Abstract

Lexical complexity, generally understood as a multidimensional construct consisting of lexical density, sophistication, and diversity, has been recognized as an important construct in first language acquisition and second language acquisition. A large variety of lexical complexity measures have been proposed by researchers to study its relationship to second language learners’ writing and/or speaking proficiency. While this line of research has generated fruitful results for languages such as English and other Indo-European languages, less is known about how it may be applicable to a typologically distance language such as Chinese. In this paper, we report the design of a computational tool for automating the measurement of lexical complexity with 25 indices.
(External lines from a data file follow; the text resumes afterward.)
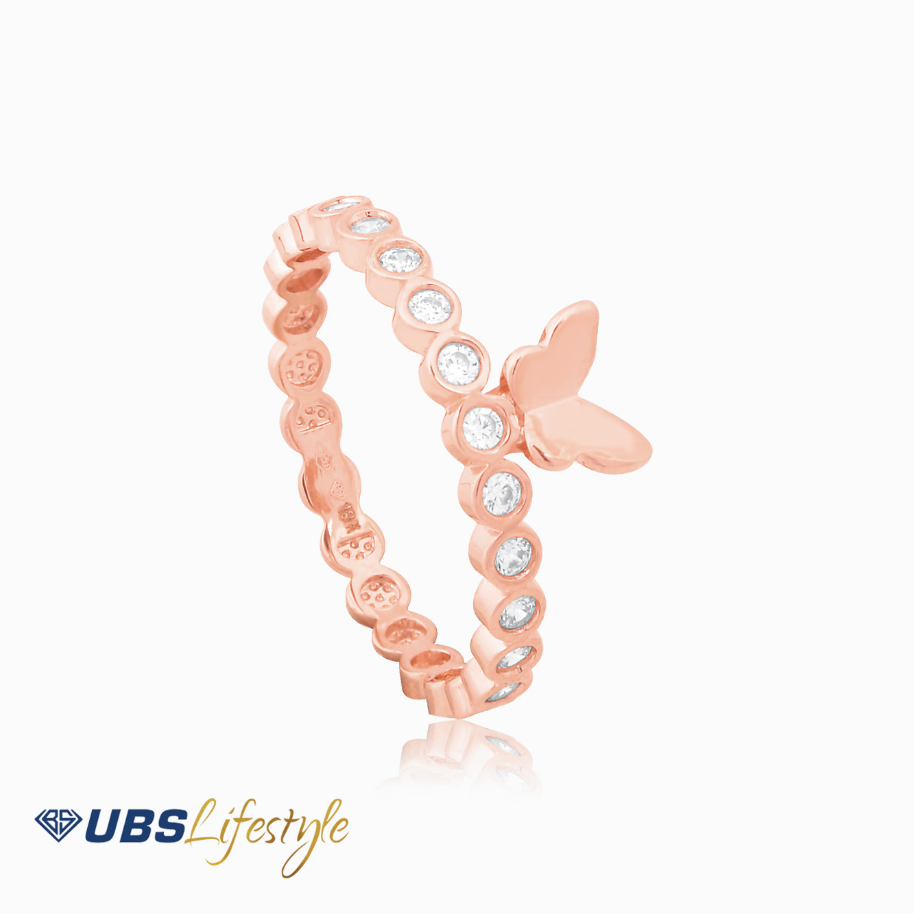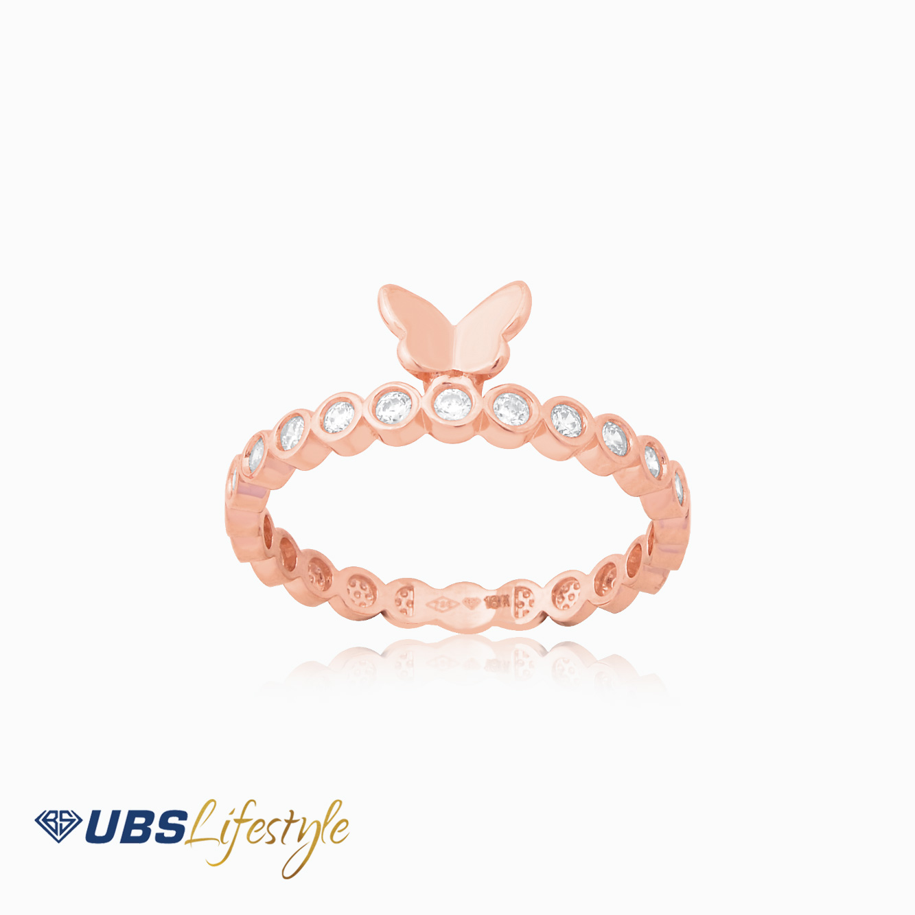 Perhiasan cincin emas UBS dengan stamp 750. Cocok untuk menyempurnakan penampilan Sahabat Emas.
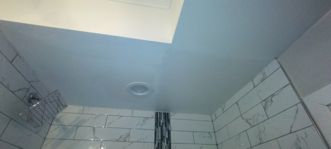 On Erica’s cue, our cosmetic repair team made a plan with one goal in mind: making the house like new again. We began by taping and plastering the seams of the ceiling panels in both the second-floor hallway and the bathroom. The largest repair, however, was in the hallway. We needed to replace the drywall of the entire ceiling, along with taping, plastering, and caulking. After everything dried, our team repainted each area and reinstalled the ceiling lights.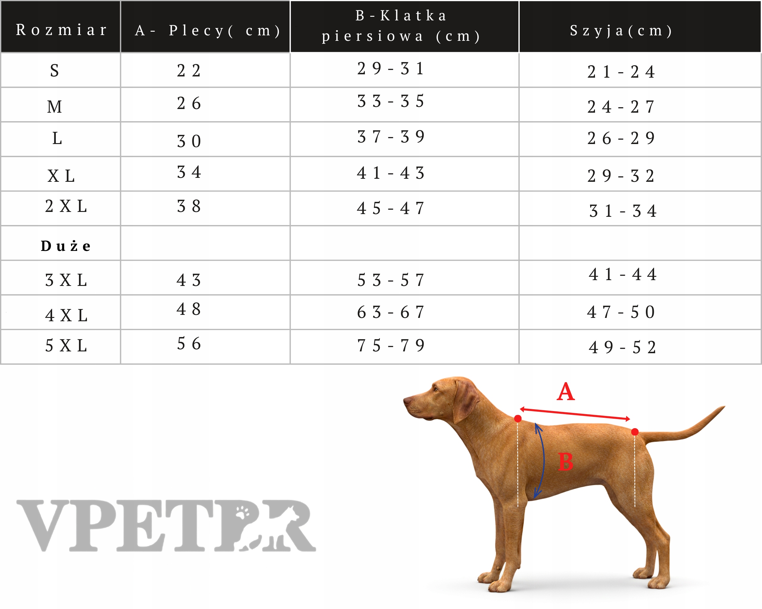 Jeśli długość grzbietu Twojego psa jest większa niż ta podana w tabeli rozmiarów, użyj jako punktu odniesienia pomiaru obwodu klatki piersiowej.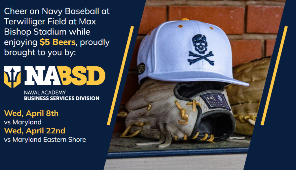 Join us at Terwilliger Brothers Field at Max Bishop Stadium for Navy Baseball as they take on Dartmouth! One game on Friday, March 6, a double-header on Saturday, March 7, and one game on Sunday, March 8. Game day beverages brought to you by Naval Academy Hospitality.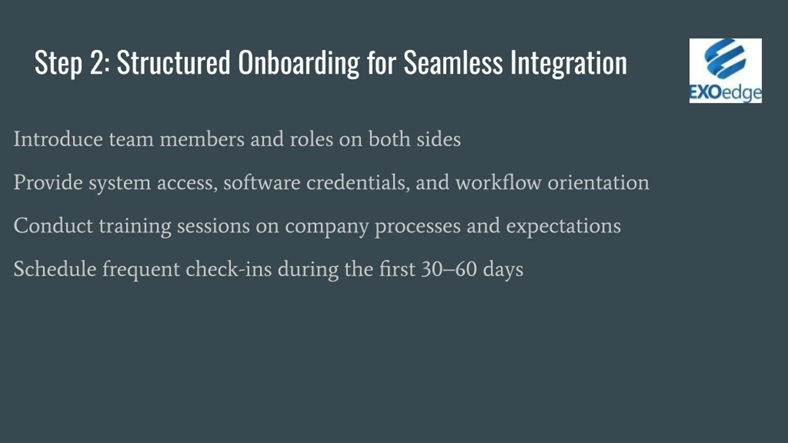 Step 2: Structured Onboarding for Seamless Integration Introduce team members and roles on both sides Provide system access, software credentials, and workflow orientation Conduct training sessions on company processes and expectations Schedule frequent check-ins during the first 30 60 days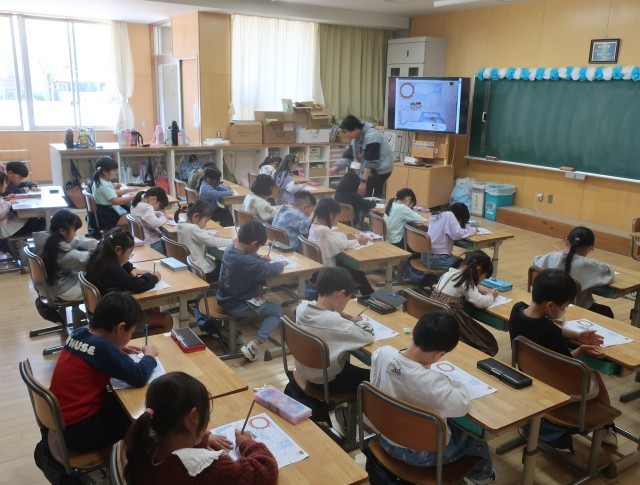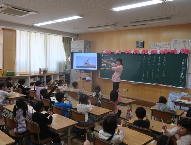 えんぴつの正しい持ち方を学び、線をなぞって書き方を学びました。正しい持ち方は、美しい文字につながります。

The Batch Mode of the software supports analyses of a large number of .txt files and outputs results to a .CSV file suitable for importation into statistical packages for further analyses. In an example application, we analyzed 87 texts from three distinct registers (academic prose, fiction, and press reportage) from the Lancaster Corpus of Mandarin Chinese (McEnery and Xiao, The Lancaster Corpus of Mandarin Chinese: A corpus for monolingual and contrastive language study, in Proc. Fourth Int. Conf. Language Resources and Evaluation, eds. M. Lino, M. Xavier, F. Ferreira, R. Costa and R. Silva, (European Language Resources Association, Paris, 2014), pp. 1175–1178) and explored how register variation may manifest in lexical complexity. The ANOVA analyses showed linear increase in multiple lexical sophistication and diversity measures across academic prose, fiction and press reportage. The results showed that press reportage has lower lexical density, but higher lexical sophistication and diversity than academic prose; fiction also has higher lexical diversity than academic prose. This paper concluded with discussions of potential pedagogical applications for Chinese language teaching and learning.